On Feb 27, 2015, at 10:27 AM, Chuck Guzis <cclist
at sydex.com> wrote:
On 02/27/2015 06:29 AM, Peter Corlett wrote:
C does support bitfields, but can't take the
address of one. The latter is a
fairly uncommon requirement though, and so algorithms that require it will have
to roll their own using mask and shift operations. Given that x86 doesn't have
bitfield instructions and has to fake it with mask and shift, this is no great
loss in practice. It wouldn't surprise me if there was a bitfield_ptr<> in
Boost which did this.
Well, the 386+ CPUs have bit manipulation instructions and *almost* had bit string/field
instructions.
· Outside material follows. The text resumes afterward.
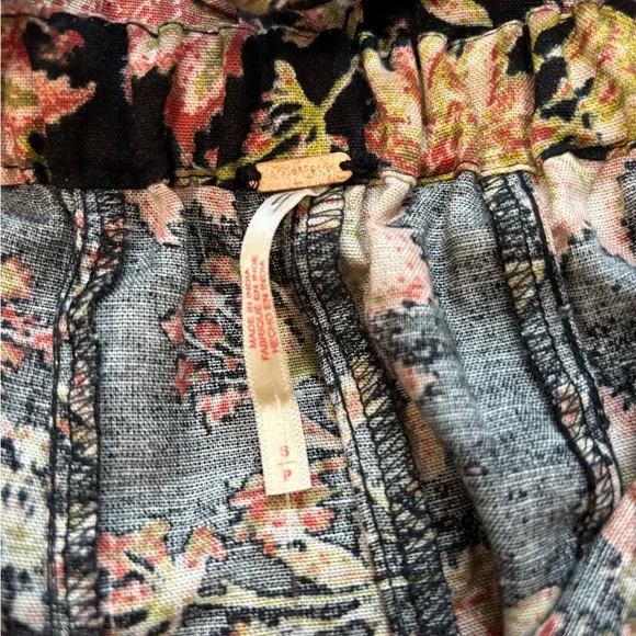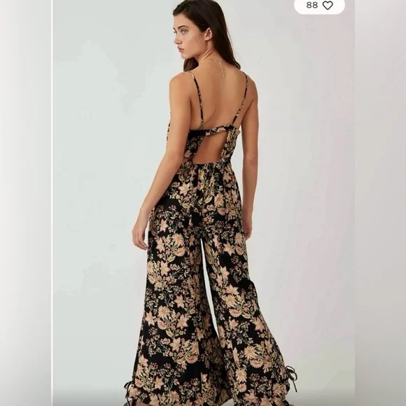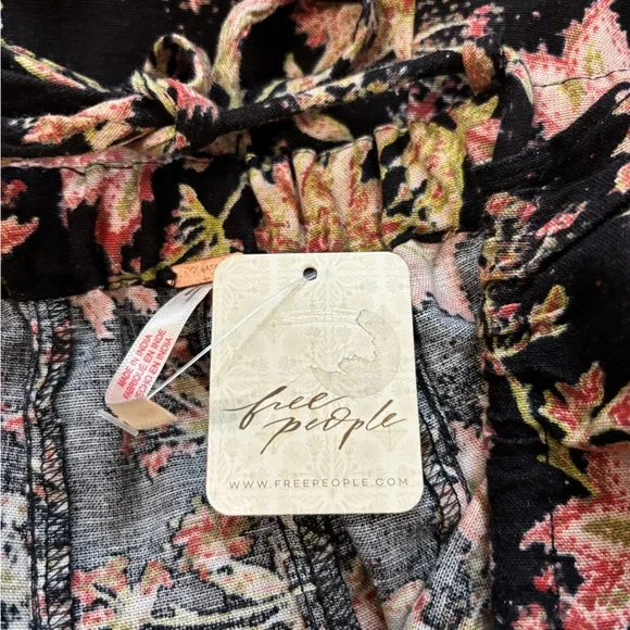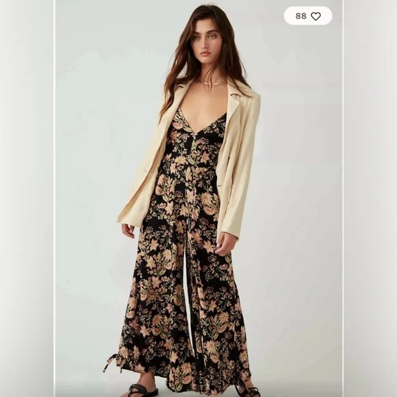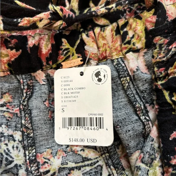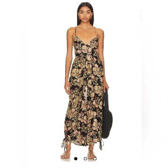 Free People Standout Jumpsuit in Black Combo In Black Combo. Size Small. New with tags. Elastic waist and tie closureLightweight linen fabric Drawstring hem with tie closureWide legs with harem inspired silhouette Machine wash47% rayon, 39% cotton, 14% linenChest measurement laying approximately flat 16.5 inches Inseam approximately 26.75 inches 00721

There are still books out there that describe in detail the function of the
BFxxx instructions.
I suppose that it's unreasonable for a language to support processor instruction set
extensions. But APL does a great job of supporting vectors; has a syntax for things such
as dot-product, etc. So it can't be that K&R weren't aware of such things.
It seems to me to be very strange that today we're coding in a language that was
developed for a PDP-11 minicomputer.
The frustrating thing for me is not just the instructions but the memory model. Some of
the issues (security springs to mind) that
we're facing today can be solved by *not* having a completely flat memory model.